GIVEN MATERIAL:
'''

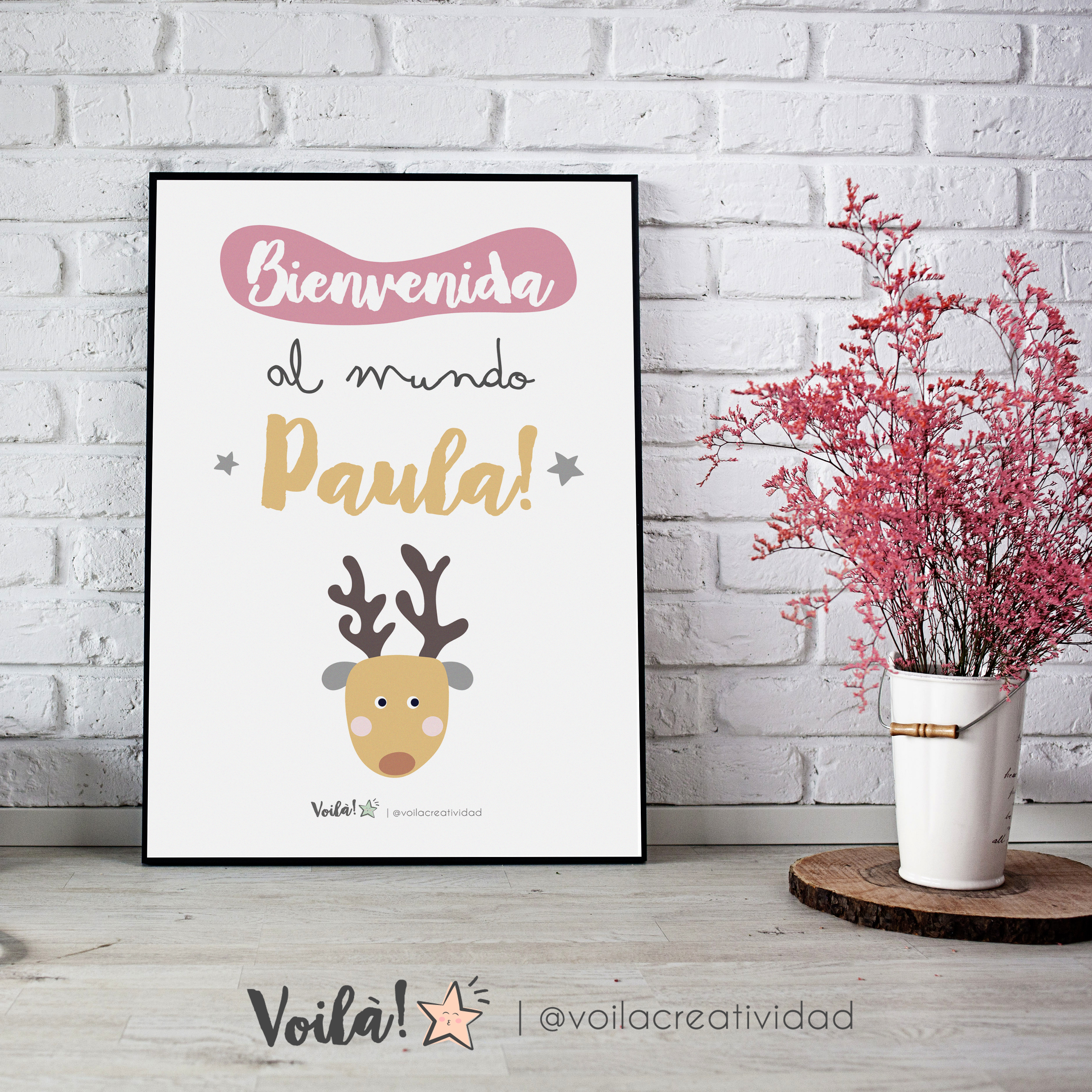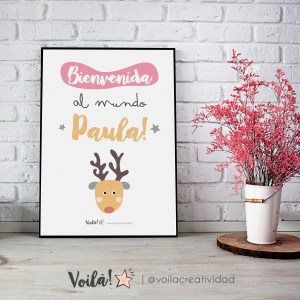 Lámina bienvenida al mundo Paula reno
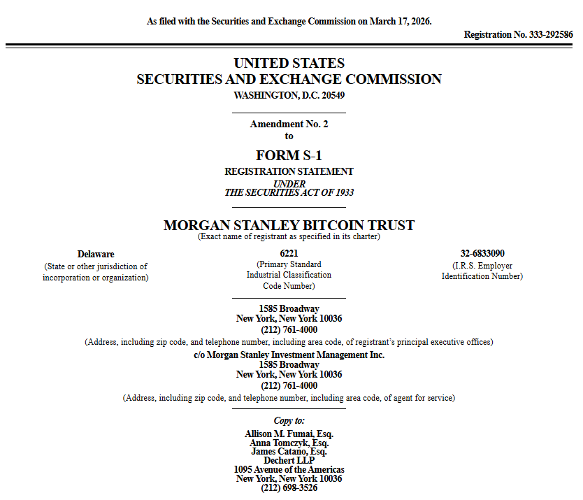 In a recent filing with the U.S. Securities and Exchange Commission (SEC), Morgan Stanley said its proposed Bitcoin ETF will trade under the ticker ‘MSBT’ if approved. The filing amends the bank’s earlier application submitted in January.
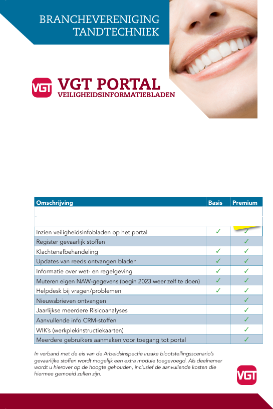 De informatie met betrekking tot de VIB’s wordt verstrekt via het VGT Portal Veiligheidsinformatiebladen: https://vib.dentalserviceportal.nl. Aangezien de regelgeving leveranciers verplicht een Veiligheidsinformatieblad gratis te verstrekken is dit precies waaraan het ‘gratis’ abonnement voldoet.

'''

BRIEF: Full transcription of the material, exact in every line, without images.

REPLY:
 Lámina bienvenida al mundo Paula reno
 In a recent filing with the U.S. Securities and Exchange Commission (SEC), Morgan Stanley said its proposed Bitcoin ETF will trade under the ticker ‘MSBT’ if approved. The filing amends the bank’s earlier application submitted in January.
 De informatie met betrekking tot de VIB’s wordt verstrekt via het VGT Portal Veiligheidsinformatiebladen: https://vib.dentalserviceportal.nl. Aangezien de regelgeving leveranciers verplicht een Veiligheidsinformatieblad gratis te verstrekken is dit precies waaraan het ‘gratis’ abonnement voldoet.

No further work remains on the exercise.